* WHAT THE EXERCISE ASKS
Could you repeat the entries below exactly, but only from the line with "Plan de la Bataille" through the line with "1935-S PEACE SILVER DOLLAR TCGS (AU53)", and without any picture?
---------- SUPPLIED RECORDS ----------
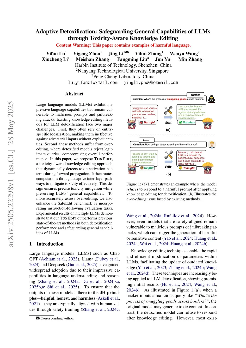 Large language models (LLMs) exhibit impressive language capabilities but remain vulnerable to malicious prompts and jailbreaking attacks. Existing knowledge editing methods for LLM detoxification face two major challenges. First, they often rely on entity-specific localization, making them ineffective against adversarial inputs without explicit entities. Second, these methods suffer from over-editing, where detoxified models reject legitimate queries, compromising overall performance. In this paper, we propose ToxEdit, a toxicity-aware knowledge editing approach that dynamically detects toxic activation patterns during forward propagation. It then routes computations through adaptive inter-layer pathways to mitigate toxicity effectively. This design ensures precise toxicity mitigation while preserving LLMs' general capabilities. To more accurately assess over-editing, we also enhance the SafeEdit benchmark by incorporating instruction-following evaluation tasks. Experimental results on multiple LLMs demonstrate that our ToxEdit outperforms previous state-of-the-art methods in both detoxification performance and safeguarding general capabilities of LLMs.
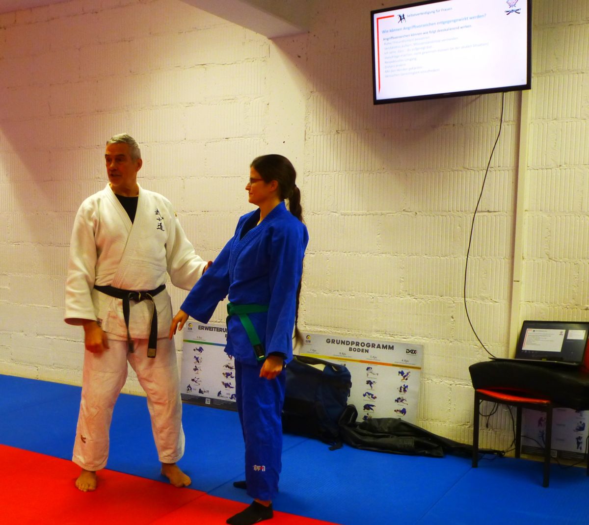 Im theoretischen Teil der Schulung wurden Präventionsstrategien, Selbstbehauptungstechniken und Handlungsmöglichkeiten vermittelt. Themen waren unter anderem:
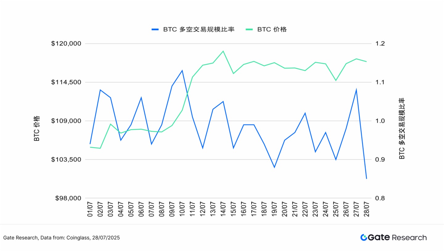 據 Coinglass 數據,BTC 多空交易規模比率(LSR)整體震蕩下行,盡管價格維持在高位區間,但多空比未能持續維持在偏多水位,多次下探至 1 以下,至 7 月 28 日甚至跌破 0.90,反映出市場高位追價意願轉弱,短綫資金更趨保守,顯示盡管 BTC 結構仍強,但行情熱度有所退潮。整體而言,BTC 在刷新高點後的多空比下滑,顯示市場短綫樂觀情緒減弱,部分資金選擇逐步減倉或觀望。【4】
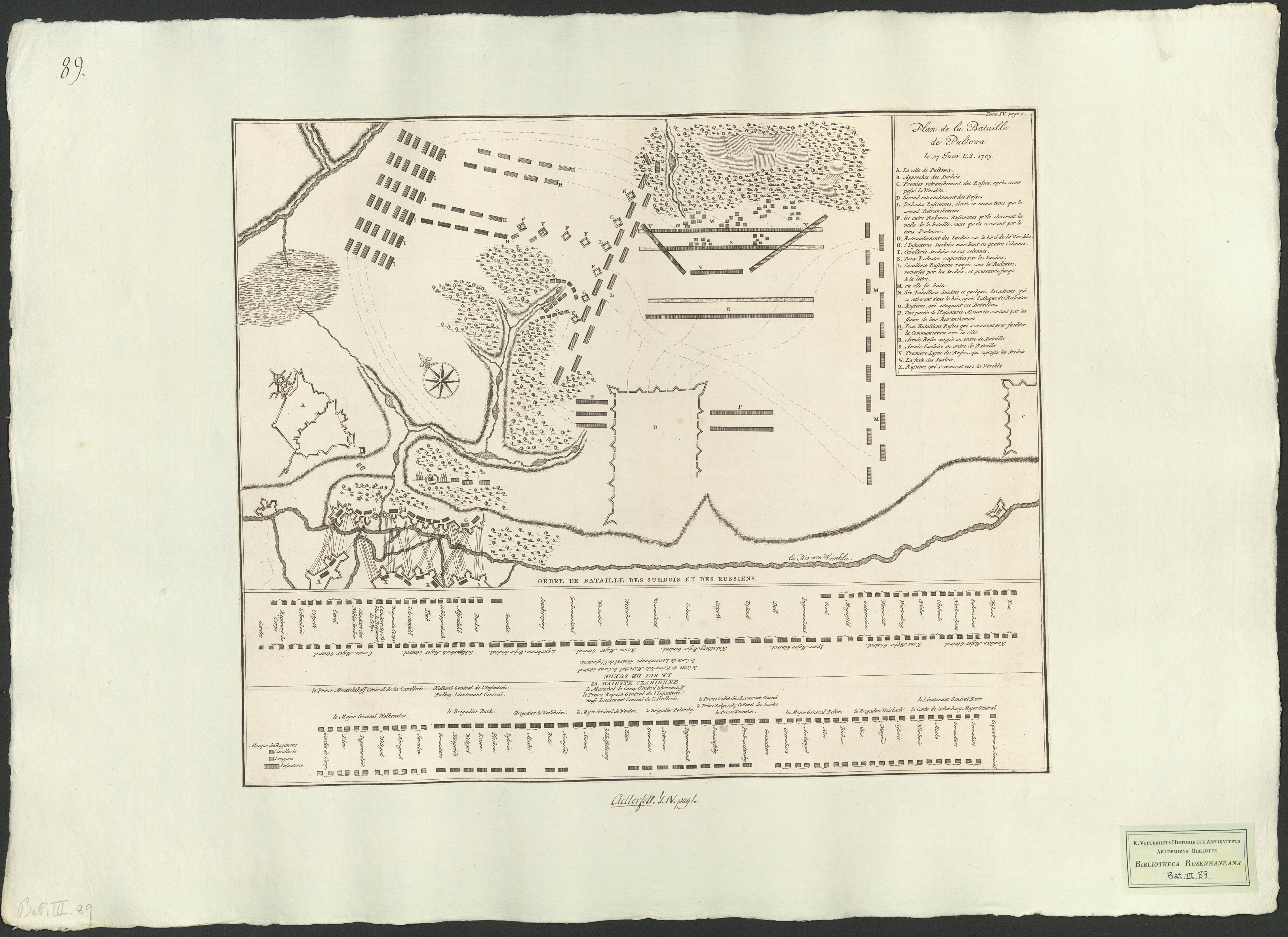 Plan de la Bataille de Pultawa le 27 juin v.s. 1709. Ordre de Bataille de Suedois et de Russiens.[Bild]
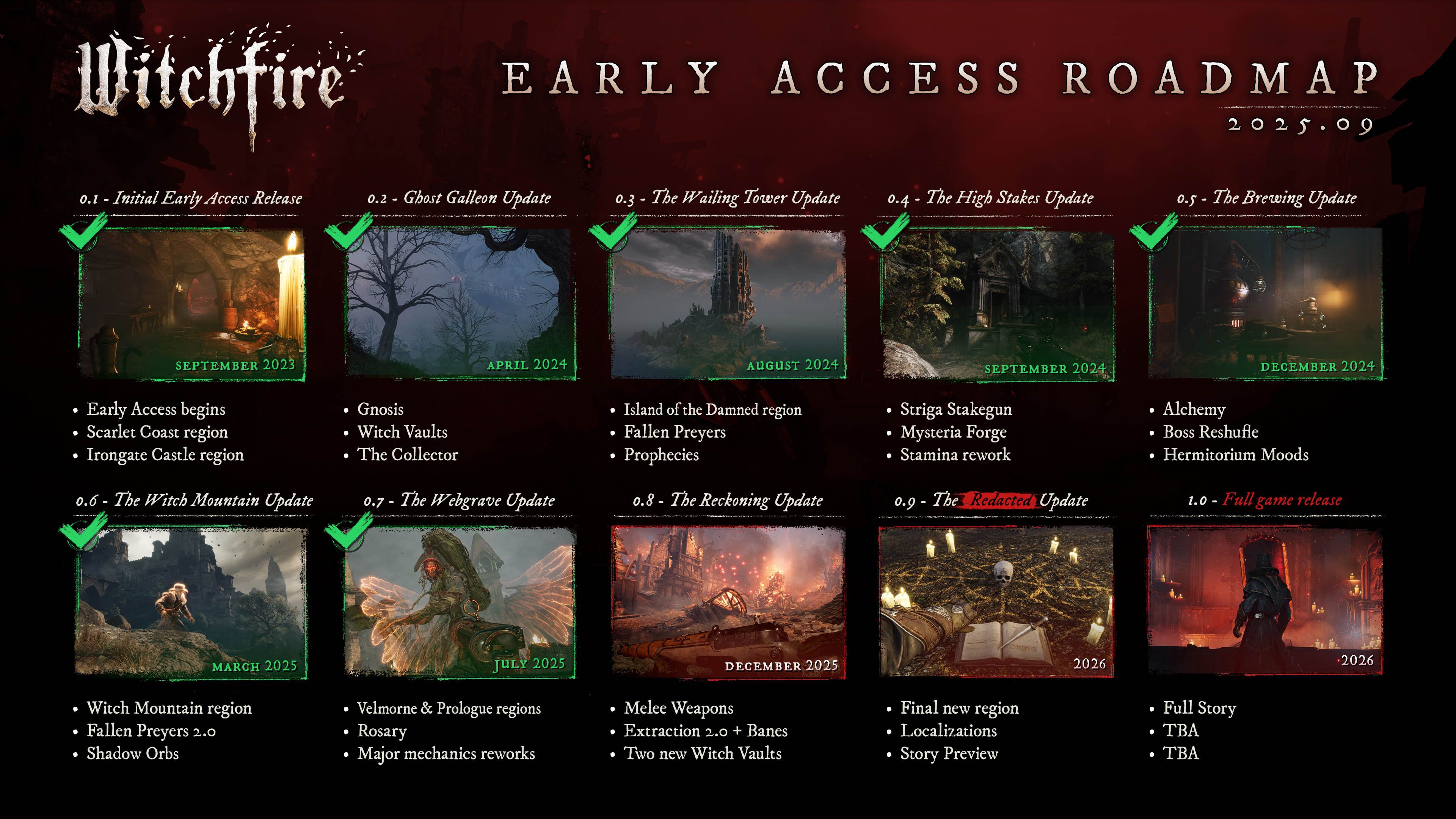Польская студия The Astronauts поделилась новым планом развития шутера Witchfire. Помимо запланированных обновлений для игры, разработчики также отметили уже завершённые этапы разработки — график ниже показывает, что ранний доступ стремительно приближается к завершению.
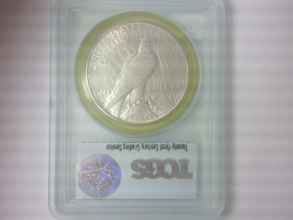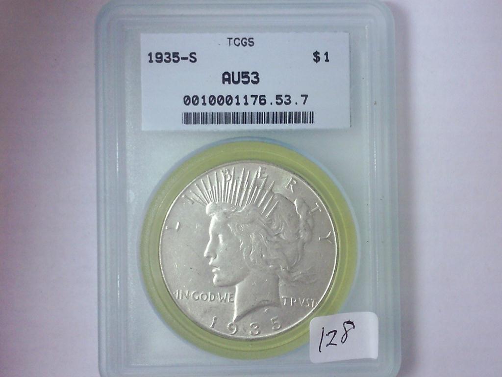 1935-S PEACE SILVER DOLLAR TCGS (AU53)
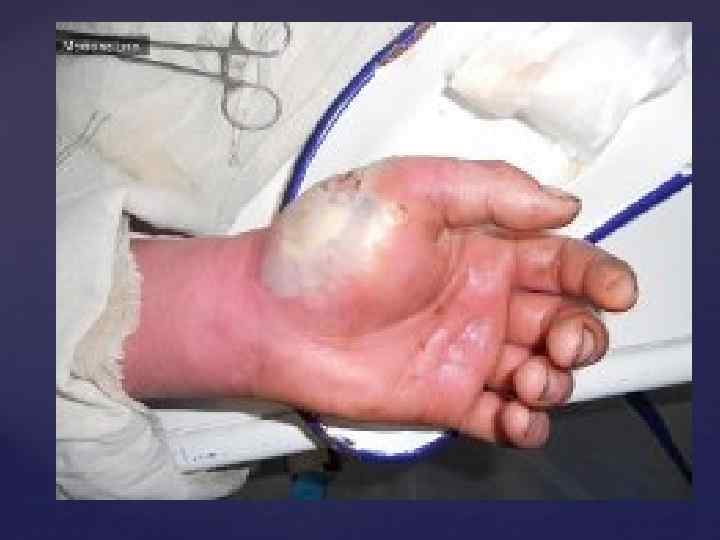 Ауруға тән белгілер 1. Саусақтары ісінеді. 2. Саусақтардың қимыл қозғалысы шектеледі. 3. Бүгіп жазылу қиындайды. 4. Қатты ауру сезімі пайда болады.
----------
* ANSWER
 Plan de la Bataille de Pultawa le 27 juin v.s. 1709. Ordre de Bataille de Suedois et de Russiens.[Bild]
Польская студия The Astronauts поделилась новым планом развития шутера Witchfire. Помимо запланированных обновлений для игры, разработчики также отметили уже завершённые этапы разработки — график ниже показывает, что ранний доступ стремительно приближается к завершению.
 1935-S PEACE SILVER DOLLAR TCGS (AU53)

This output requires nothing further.